The past and future of open hardware July 25, 2022 on Drew DeVault's blog

They say a sucker is born every day, and at least on the day of my birth, that certainly may have been true. I have a bad habit of spending money on open hardware projects that ultimately become vaporware or seriously under-deliver on their expectations. In my ledger are EOMA68, DragonBox Pyra, the Jolla Tablet — which always had significant non-free components — and the Mudita Pure, though I did successfully receive a refund for the latter two.1

There are some success stories, though. My Pine64 devices work great — though they have non-free components — and I have a HiFive Unmatched that I’m reasonably pleased with. Raspberry Pi is going well, if you can find one — also with non-free components — and Arduino and products like it are serving their niche pretty well. I hear the MNT Reform went well, though by then I had learned to be a bit more hesitant to open my wallet for open hardware, so I don’t have one myself. Pebble worked, until it didn’t. Caveats abound in all of these projects.

What does open hardware need to succeed, and why have many projects failed? And why do the successful products often have non-free components and poor stock? We can’t blame it all on the chip shortage and/or COVID: it’s been an issue for a long time.

I don’t know the answers, but I hope we start seeing improvements. I hope that the successful projects will step into a mentorship role to provide up-and-comers with tips on how they made their projects work, and that we see a stronger focus on liberating non-free components. Perhaps Crowd Supply can do some work in helping to secure investment2 for open hardware projects, and continue the good work they’re already doing on guiding them through the development and production processes.
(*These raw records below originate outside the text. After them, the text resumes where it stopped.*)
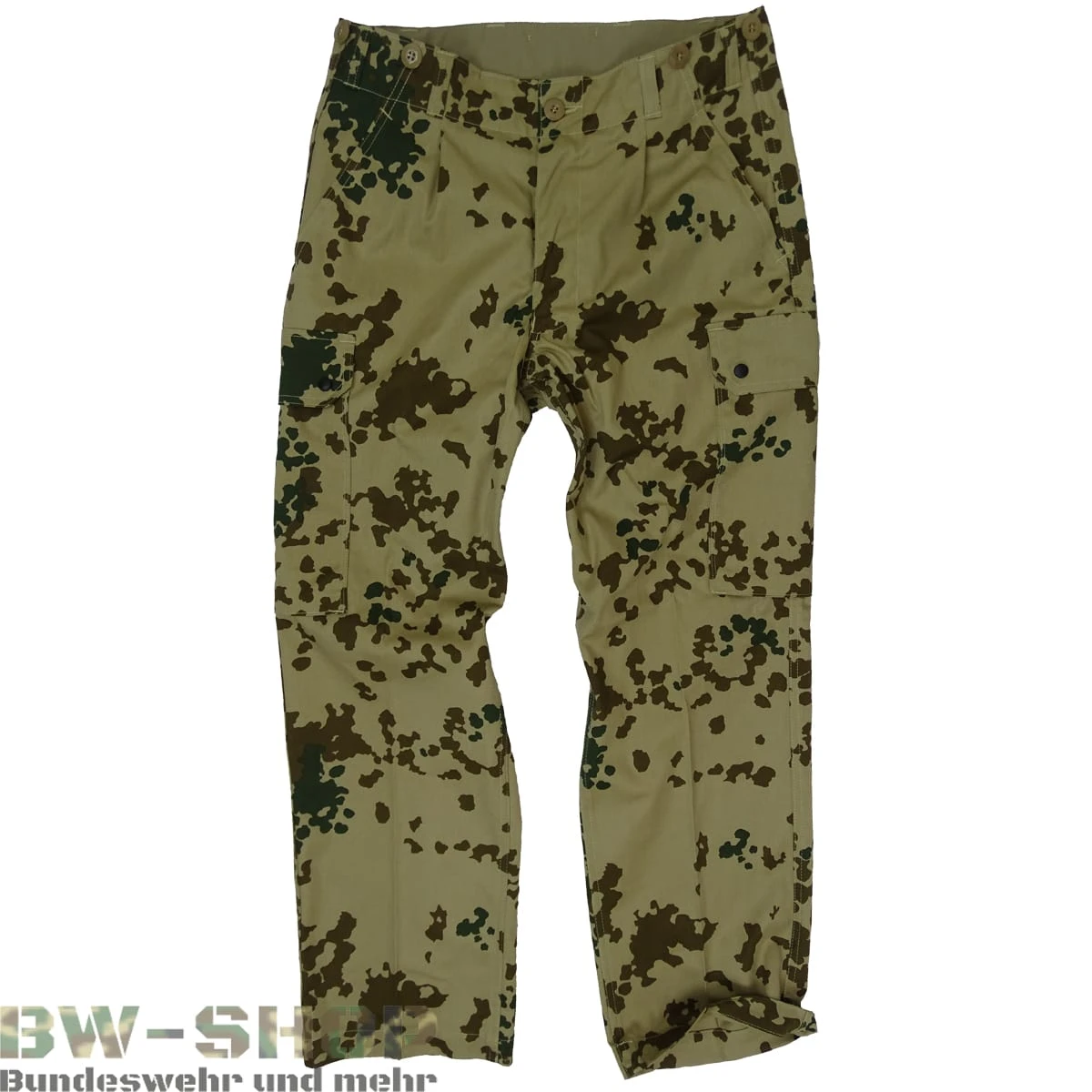 Speziell angefertigte Bundeswehr Wüstentarn Hose für heiße und trockene Gebiete deren Oberfläche meist aus Sand bestehen. Haupteinsatzgebiet in der Wüste (Afghanistan etc.). Die Hose besitzt außerdem Zugbündchen im Beinabschluss zum idealen Anpassen am Knöchel und hat eine leichtere Verarbeitung im Gegensatz zur normalen Feldhose Flecktarn.
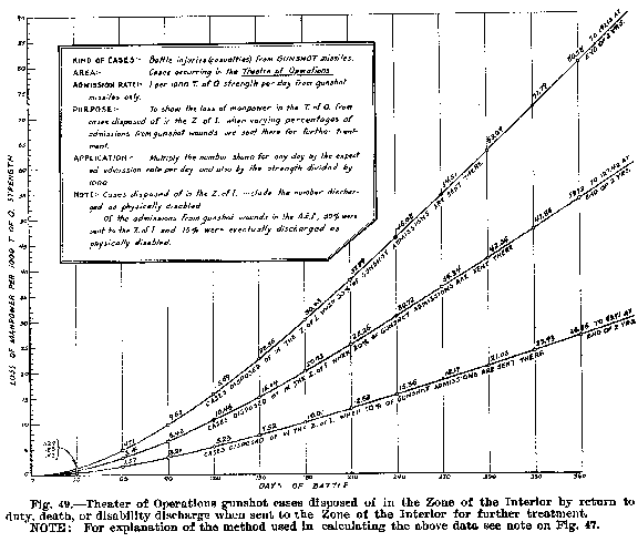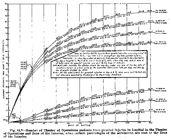 Duration of treatment both in the Theater of Operations and Zone of the interior of Theater of Operations gunshot patients. |
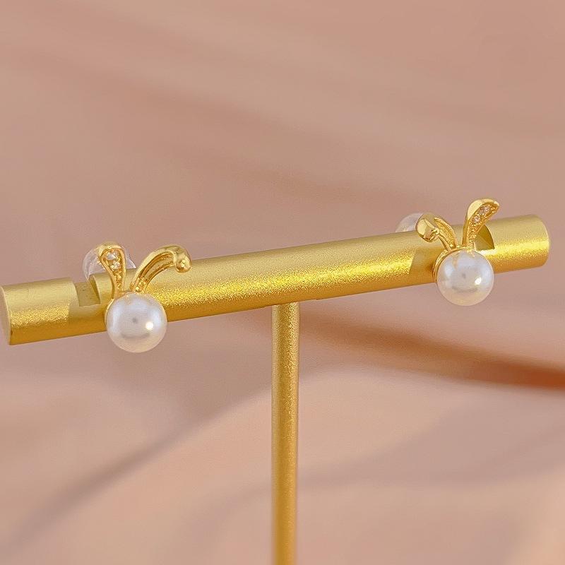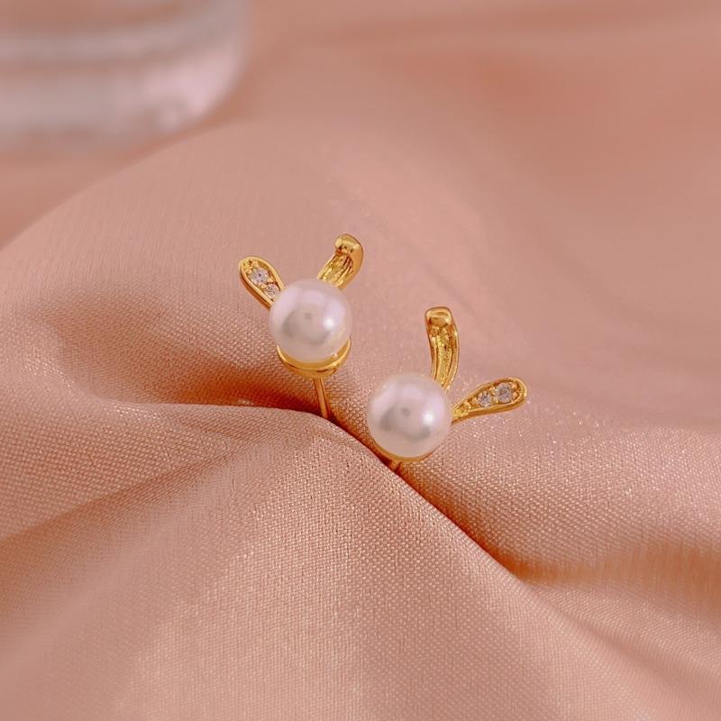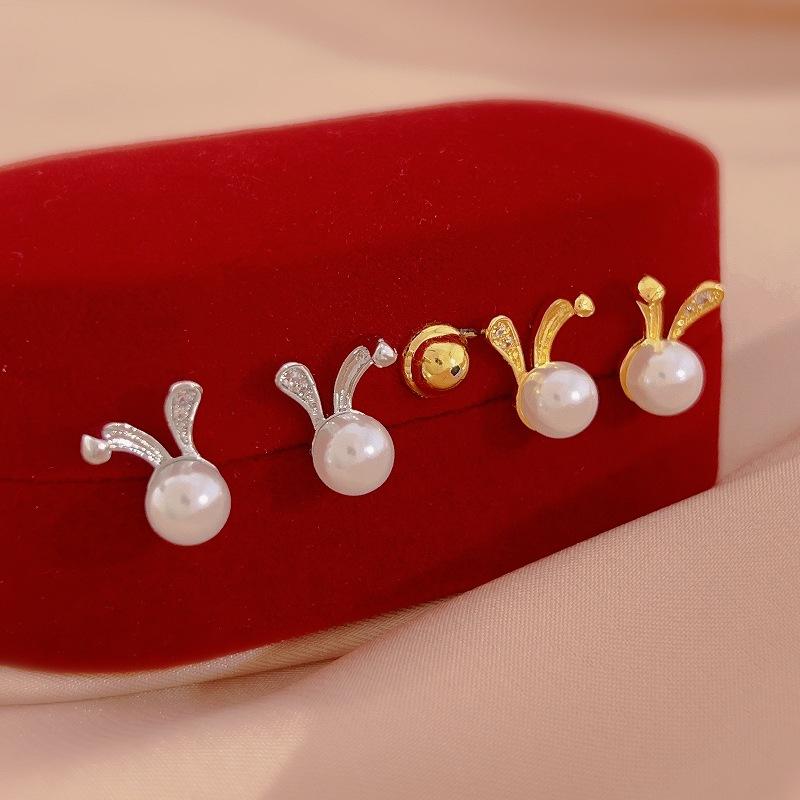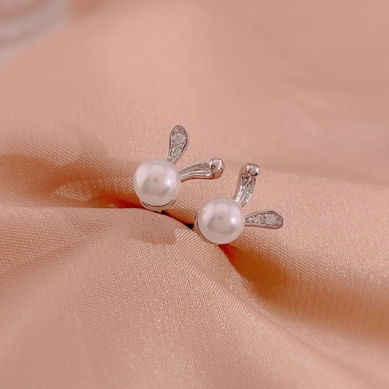 Pendientes de plata s925 con forma de conejito y perla, personalizados, de moda, pequeños y sencillos, con microincrustaciones de circonita.

Part of this responsibility comes down to the consumer: spend your money on free projects, and don’t spend your money on non-free projects. But, we also need to look closely at the viability of each project, and open hardware projects need to be transparent about their plans, lest we get burned again. Steering the open hardware movement out of infancy will be a challenge for all involved.

Are you working on a cool open hardware project? Let me know. Explain how you plan on making it succeed and, if I’m convinced that your idea has promise, I’ll add a link here.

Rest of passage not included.